Bitterness, loneliness and lack of fulfillment are the central themes of this grim posthumous collection. Yates (1926-1992) was the consummate writer's writer; his fiction influenced a generation of young admirers, including Andre Dubus and Richard Ford, but he has yet to achieve the name recognition of many of his disciples. This collection of 27 stories, seven previously unpublished, but most reprints from two long-out-of-print collections issued in 1962 and 1981, may change that. Yates is a gifted storyteller, particularly skilled at making emotional pain and sadness starkly real as his characters manage to live below even their own meager expectations. Compulsive failure Walter Henderson, the protagonist of "A Glutton for Punishment," plans his life as a series of expected defeats.

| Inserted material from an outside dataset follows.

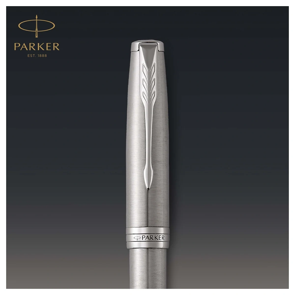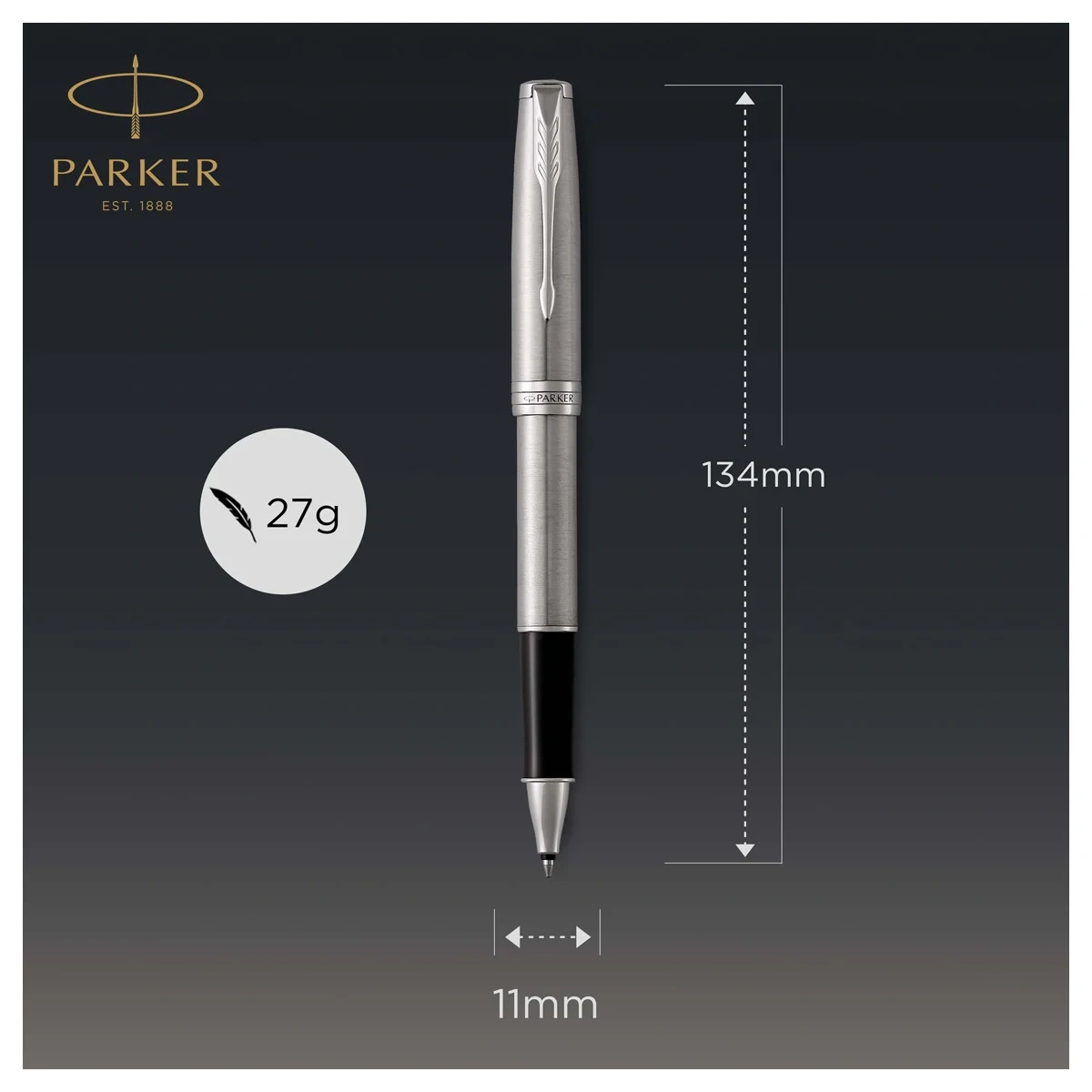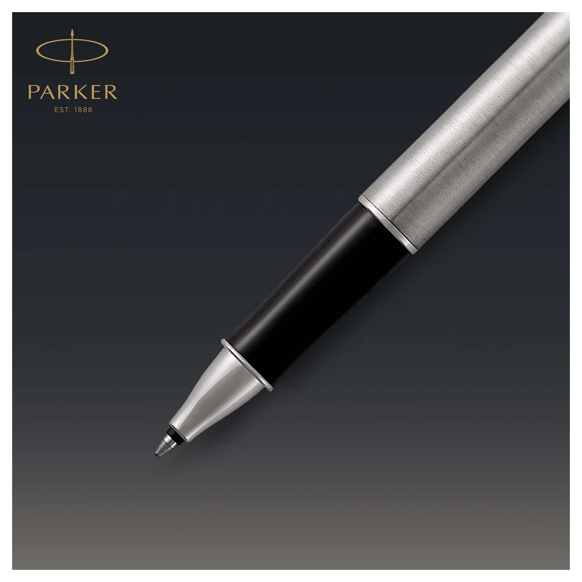 Роллер в корпусе из шлифованной нержавеющей стали и декоративными элементами, покрытыми палладием. ВНИМАНИЕ! С марта 2020г. подарочные коробки ручек ТМ Parker прекратили комплектоваться лифлетами (листовками с гарантийным талоном).

In "The Canal" two veterans play at macho one-upmanship with phony war stories as their wives snicker with disdain. "A Clinical Romance" tells of the bickering and despair of men confined to a tuberculosis ward in a gloomy Virginia hospital. "Evening on the C te d'Azur" is an achingly sad tale of lonely navy wives with too much time on their hands and too little self-esteem. Pitch-perfect in their gloomy detachment, these stories about the fractured relationships of lovers, friends, parents and children, and husbands and wives ring all too true. Yates's powerful dialogue and narrative make it entirely clear that no matter what, people are going to be only as happy as they have already made up their minds to be. (May 3) Forecast: A heartfelt introduction by Richard Russo expresses just how much Yates once meant to younger writers. If reviews make the stories' appeal similarly plain to today's readers, the collection should do well; in any case, it will remain a strong backlist title for years to come. Copyright 2001 Cahners Business Information.

Library Journal

Yates, who died in 1992, was never commercially successful, but his work was highly respected by other writers. This book includes stories from his collections Eleven Kinds of Loneliness and Liars in Love, as well as nine other stories, seven of which have not been previously published. Autobiographical threads are found throughout: young soldiers in the waning days of World War II, tuberculosis patients, struggling writers, alcoholism. Despite the general pessimism of the stories, they never seem contrived or self-indulgent. The earlier stories' economy gives way to a relatively formless later style, which presents more character development and subtext than is found in many novels. Recommended for all academic and larger public libraries. Christine DeZelar-Tiedman, Univ. of Minnesota Libs., Minneapolis Copyright 2001 Cahners Business Information.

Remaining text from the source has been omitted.